[Work to be completed]: Set down every line of the data exactly, skipping the pictures.

[Supplied data]:
++++++++

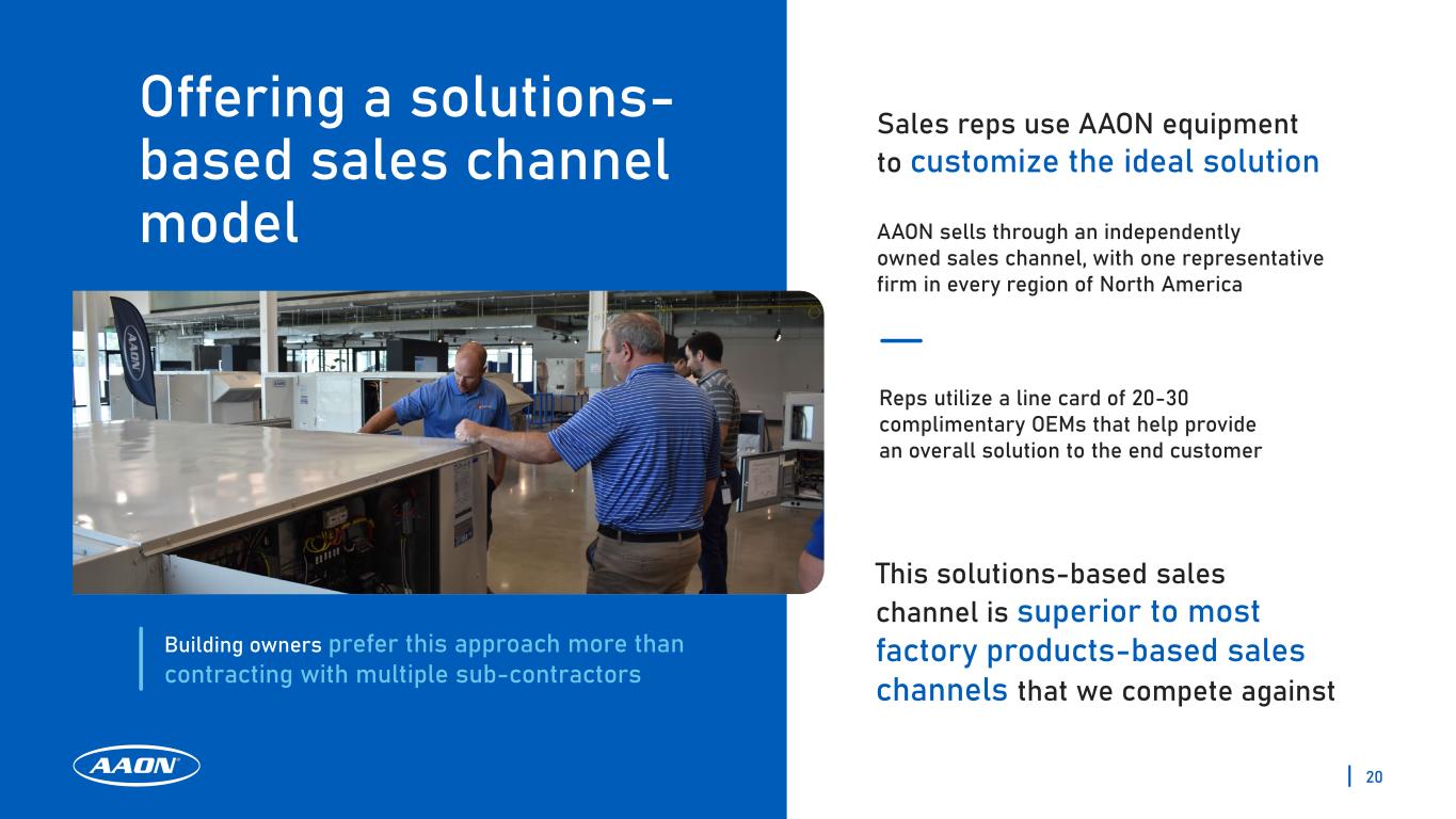 Offering a solutions- based sales channel model Building owners prefer this approach more than contracting with multiple sub-contractors Sales reps use AAON equipment to customize the ideal solution This solutions-based sales channel is superior to most factory products-based sales channels that we compete against AAON sells through an independently owned sales channel, with one representative firm in every region of North America Reps utilize a line card of 20-30 complimentary OEMs that help provide an overall solution to the end customer 20
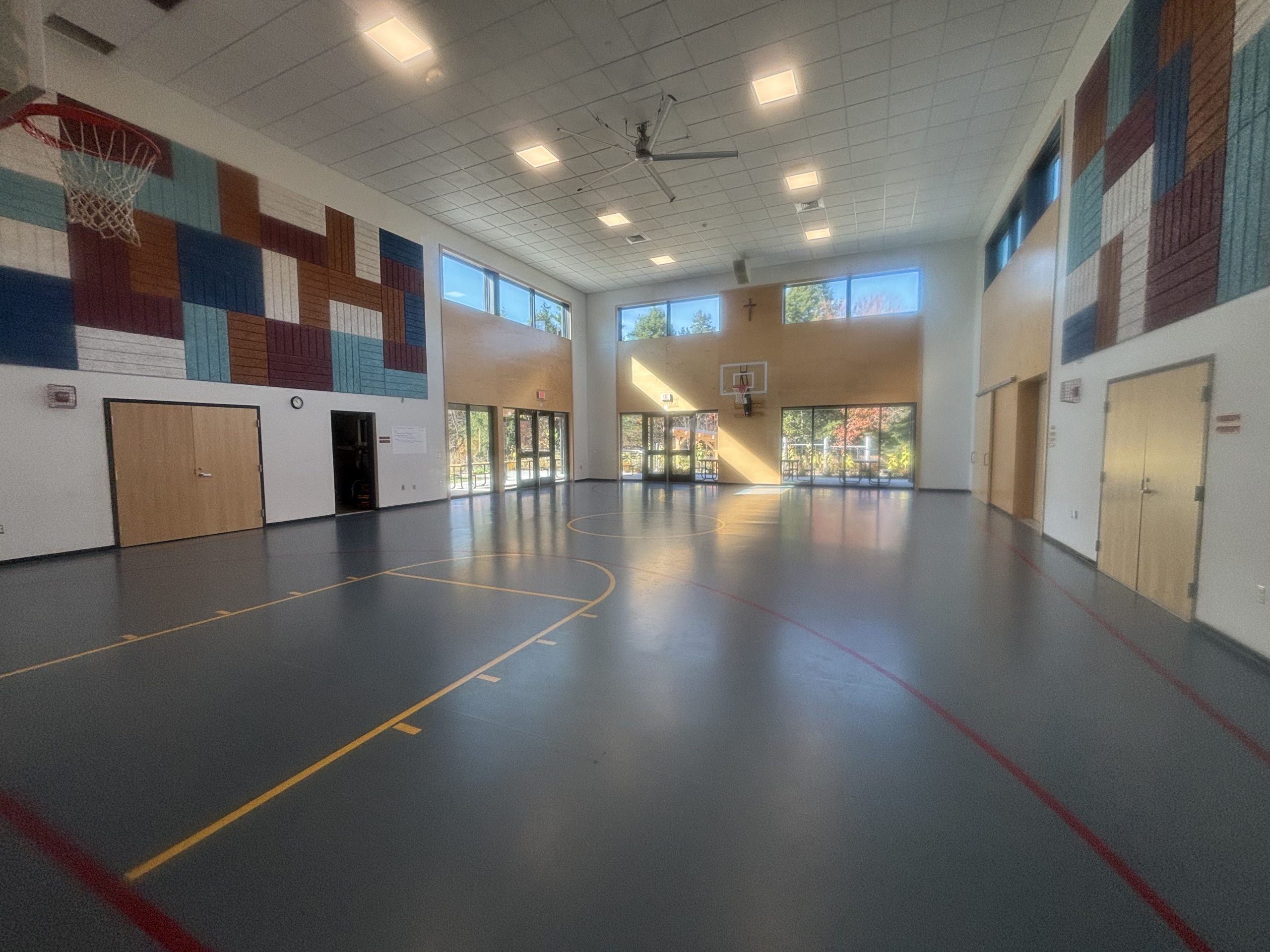 At the center of the building are the administrative offices, Chapel, and Multi-Purpose Room (MPR) which is used for Mass, lunch, and physical education.
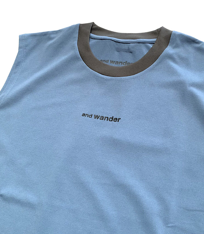 程よくゆとりのあるシルエットで動きやすく、単体でもレイヤードでも使いやすいバランス。小さくプリントされた「and wander」のロゴが洗練された印象をあたえます。シンプルながらも機能性をしっかり感じられる、夏場に活躍するアイテムです。
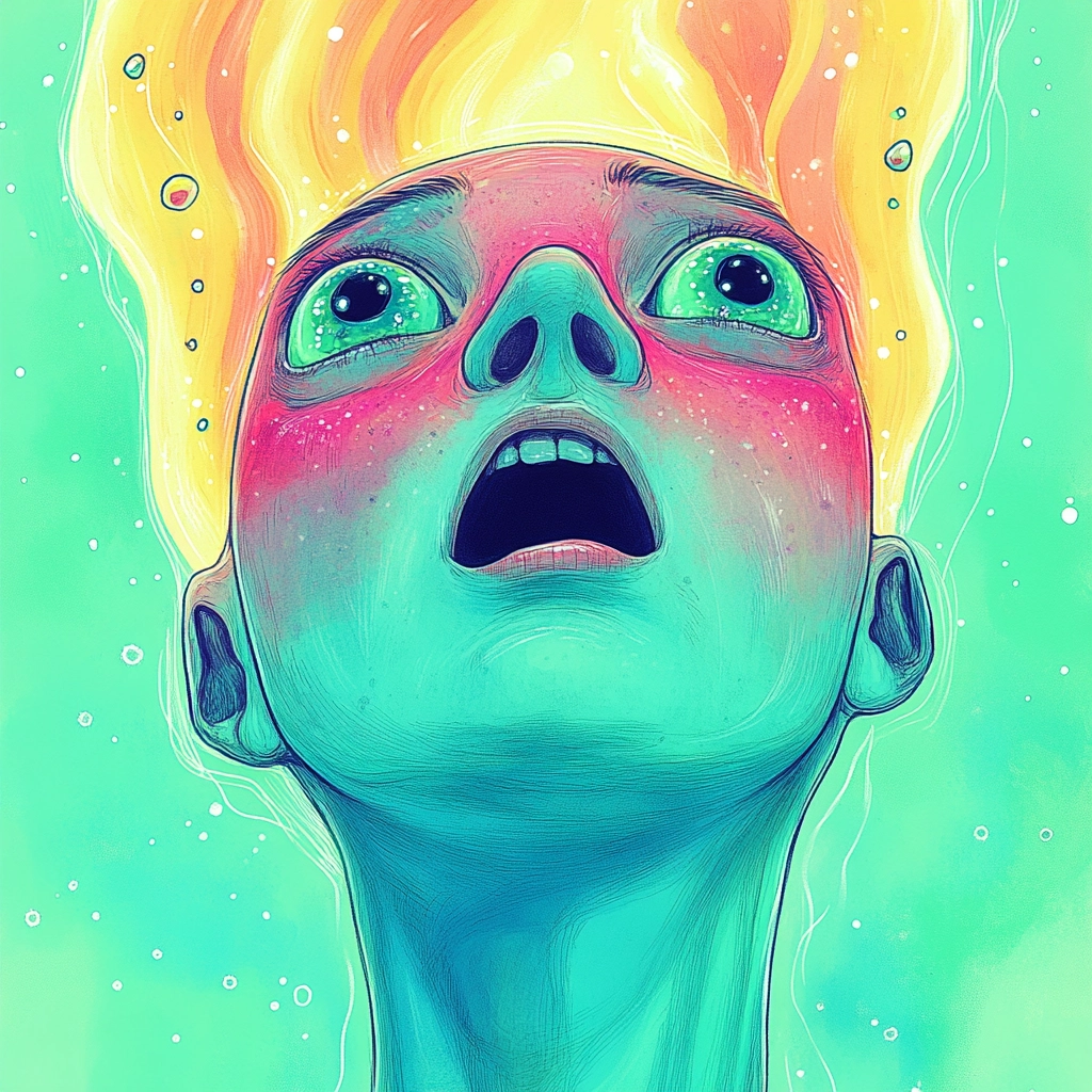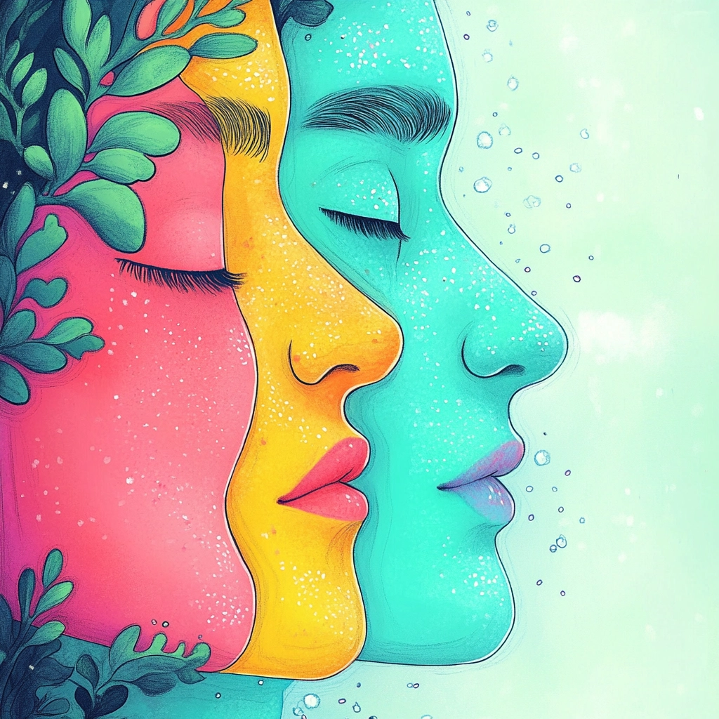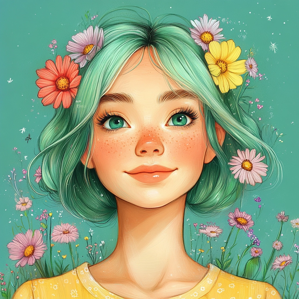 Brightly colored visuals with smooth textures and floral accents.

++++++++

[Task output]:
 Offering a solutions- based sales channel model Building owners prefer this approach more than contracting with multiple sub-contractors Sales reps use AAON equipment to customize the ideal solution This solutions-based sales channel is superior to most factory products-based sales channels that we compete against AAON sells through an independently owned sales channel, with one representative firm in every region of North America Reps utilize a line card of 20-30 complimentary OEMs that help provide an overall solution to the end customer 20
 At the center of the building are the administrative offices, Chapel, and Multi-Purpose Room (MPR) which is used for Mass, lunch, and physical education.
 程よくゆとりのあるシルエットで動きやすく、単体でもレイヤードでも使いやすいバランス。小さくプリントされた「and wander」のロゴが洗練された印象をあたえます。シンプルながらも機能性をしっかり感じられる、夏場に活躍するアイテムです。
 Brightly colored visuals with smooth textures and floral accents.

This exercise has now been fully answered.